Here the graphics is store as mathematical formulas. Like lines, formulas for different shapes like curves or even custom algorithm is created to interpret the shape. This means that no matter how big/small display we need, the information will simply remain the same. Size of vector images will remain always same irrespective of how large/small it is displayed. The size changes with the complexity of information stored. If you want to display simple shapes like triangle, circle or even combination of such shapes, vector images are best. But if you ever try to convert a photograph that you clicked on that famous hill station, your resulting vector image would be larger in size and also in worse condition because vector graphics techniques are not so sophisticated to convert the graphics created by God into man made. No lens in the world could be better than your eye and no speaker in the world could be better than your ear! You might call that as a limiting factor or something mysterious :).  

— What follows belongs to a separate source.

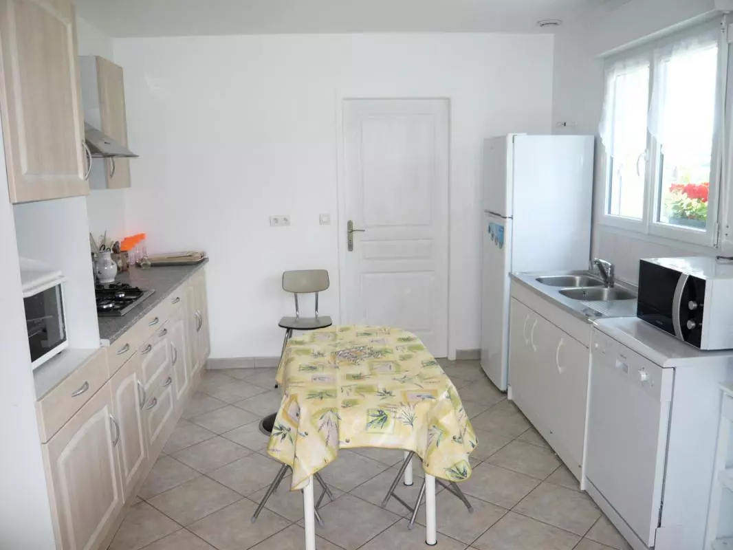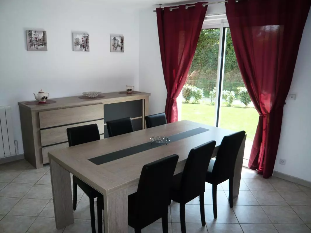 Maison indépendante. Séjour. Coin-cuisine. Buanderie. RDC : Chambre 1 (1 lit 140) ETAGE : Ch2 (1 lit 140) Ch3 (2 lits 90). Lit bébé. Chaise haute. Salle de bain. Salle d'eau. 2 wc. TV. Cheminée (Insert). Bois fourni. Lave-linge. Lave-vaisselle. Chauffage électrique en supplément. Draps et linge de maison en location. Service ménage en supp. Terrain clos privé. Terrasse. Salon de jardin. Barbecue. Garage. Parking. A deux pas du centre-ville au sein d'un quartier résidentiel, cette maison confortable est dotée d'un garage et d'un bel espace vert pour la détente. A quelques minutes de la plage de sable de Barneville et du Cap de Carteret.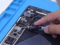 Remove the screw on the motherboard and insert a Pry Piece to disconnect the battery.

Now coming back to Silverlight, the graphics that you display with Silverlight can be rendered using two ways: 

1. Using Graphics Card (GPU) (primarily when the graphics is bitmap).

2. Using Software that is run by CPU (primarily when the graphics is vector based).  

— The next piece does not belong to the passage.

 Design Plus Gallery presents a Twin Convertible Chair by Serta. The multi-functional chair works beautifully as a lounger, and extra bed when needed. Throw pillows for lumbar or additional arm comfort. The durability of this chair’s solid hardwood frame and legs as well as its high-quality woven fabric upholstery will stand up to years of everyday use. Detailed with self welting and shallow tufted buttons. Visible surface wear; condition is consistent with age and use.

The XAML that you write in your SL application are displayed using CPU. They are all formulas that are calculated and rendered by CPU. When you instruct SL to use GPU we call that as GPU acceleration. Why “acceleration”, I don’t know. Probably “assisted” would have been better term.  

Mechanism:  

It is simple. You specify the UI elements that you want to display using GPU by adding the attribute CacheMode=”Bitmap”. Now all the UI elements are represented in form of object tree in Silverlight. Silverlight does the calculation to create the object tree and forms a bitmap for that object tree. Then, Silverlight gives this bitmap to GPU to display it and keeps it cached. Now, when the application screen refreshes, that part of the screen that you specified to be displayed by GPU is simply rendered by GPU and the rest part of the UI is rendered by SL using CPU. As a result, we are using less CPU and improving performance. Even if you are performing some animations like scaling, changing opacity etc. these are done by GPU and not by CPU.  

Why not Always?
This seems interesting so why not do it always using GPU? Few reasons (not in order of any priority):  

· There are some animations that GPU cannot assist (like changing perspective (3D), animating on each pixel such as pixel shader effects). There is no point in using GPU acceleration in such scenarios.  

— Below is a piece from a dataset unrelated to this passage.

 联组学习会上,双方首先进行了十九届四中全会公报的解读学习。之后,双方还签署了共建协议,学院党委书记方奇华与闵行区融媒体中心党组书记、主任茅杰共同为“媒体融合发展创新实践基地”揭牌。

· If the GPU has less memory and if the memory required by Silverlight is large, Silverlight falls back to CPU mode and you will hit performance. Also there is no way to query memory available in GPU from Silverlight code. However you can query other details like GPU vendor, driver version etc. through Analytics.GpuCollection structure.  

· Cache Invalidations: If your UI element is changing a lot and that change cannot be assisted by GPU (another example is changing text of a UI element lie textbox), then cache invalidation happens and we hit on performance.  

Note:

 

You also need to enable the GPU acceleration at plug-in level by setting a parameter as shown below:

<param name="enableGPUAcceleration" value="true" />

Also note that on Mac OSX GPU acceleration works only in full screen mode. Users need to have a DirectX9 (windows) or OpenGL2 (Mac) compatible video card. 

Testing:

You can test the GPU acceleration by adding another parameter to the plug-in as shown below:

<param name="enableCacheVisualization" value="true" />

This parameter shows all GPU accelerated graphics in natural colors while all non GPU accelerated graphics in Red color for testing purpose.

When you test CPU percentage, make sure you use lesser number of cores and more complex graphics to actually see the difference in performance.  

Beware Animation:  

Please make sure that the UI elements for which you have used GPU acceleration are using below animations only and not anything else: 

Scale, Rotate, Changing Opacity, Clipping (only if clip is rectangular). For all other types of animations like 3D, moving, pixel shaders, do not use GPU acceleration.